The lower the RSE the best the model fits to our data. Dividing the RSE by the average value of the outcome variable will give you the prediction error rate, which should be as small as possible.
In this case
2.038/mean(train.data$sales)
## [1] 0.1208938
This is 12% which is very low.
It has two parts
1. Predict
2. Assess the model performance using RMSE or Adj R sq
# making Predictions
predictions <- model%>% predict(test.data)
predictions
## 2 3 6 14 15 24 32 40
## 15.011084 15.054460 15.283625 10.616936 22.101982 19.747444 13.678412 24.477896
## 41 46 51 58 65 66 68 81
## 19.597351 18.174899 15.071277 15.337583 20.449806 9.477844 14.431149 13.844987
## 86 91 93 104 107 116 124 129
## 18.209084 11.972545 22.967589 17.651272 7.508261 15.669379 18.149940 26.643971
## 134 137 138 139 148 156 168 178
## 23.080107 13.929963 24.918356 11.872856 27.870953 6.525358 15.925554 14.557842
## 181 182 183 184 189 192
## 12.642522 16.598079 7.970506 28.880715 22.154415 10.168411
# compute RMSE
RMSE( predictions, test.data $ sales)
## [1] 1.949125
# compute R square
R2(predictions,test.data$sales)
## [1] 0.9069336
Both the measures are good in this case.
Note that the LR model assumes a linear relationship between the outcome and predictor variable.
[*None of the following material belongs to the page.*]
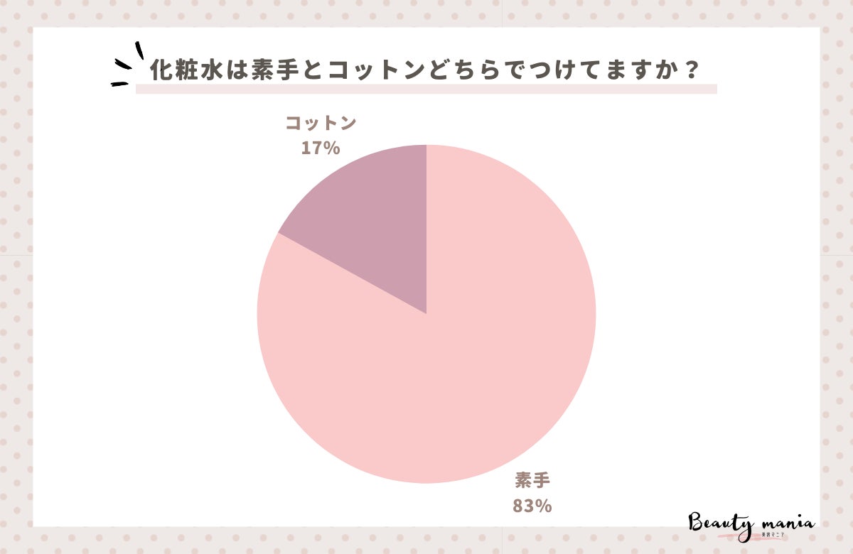 「化粧水は素手とコットンどちらでつけてますか?」とアンケート調査した結果、1位は『素手(83人)』、2位は『コットン(17人)』となっています。

This can be checked by creating a scatterplot of the outcome variable vs the predictor variable
eg. sales unit vs. youtube budge
ggplot( marketing, aes( x = youtube, y = sales)) +
geom_point() +
stat_smooth()
## `geom_smooth()` using method = 'loess' and formula 'y ~ x'
In this case this is linear, we can check for all the other predictor variables.
Potential problems, include: a) the presence of influential observations in the data , non-linearity between the outcome and some predictor variables and the presence of strong correlation between predictor variables.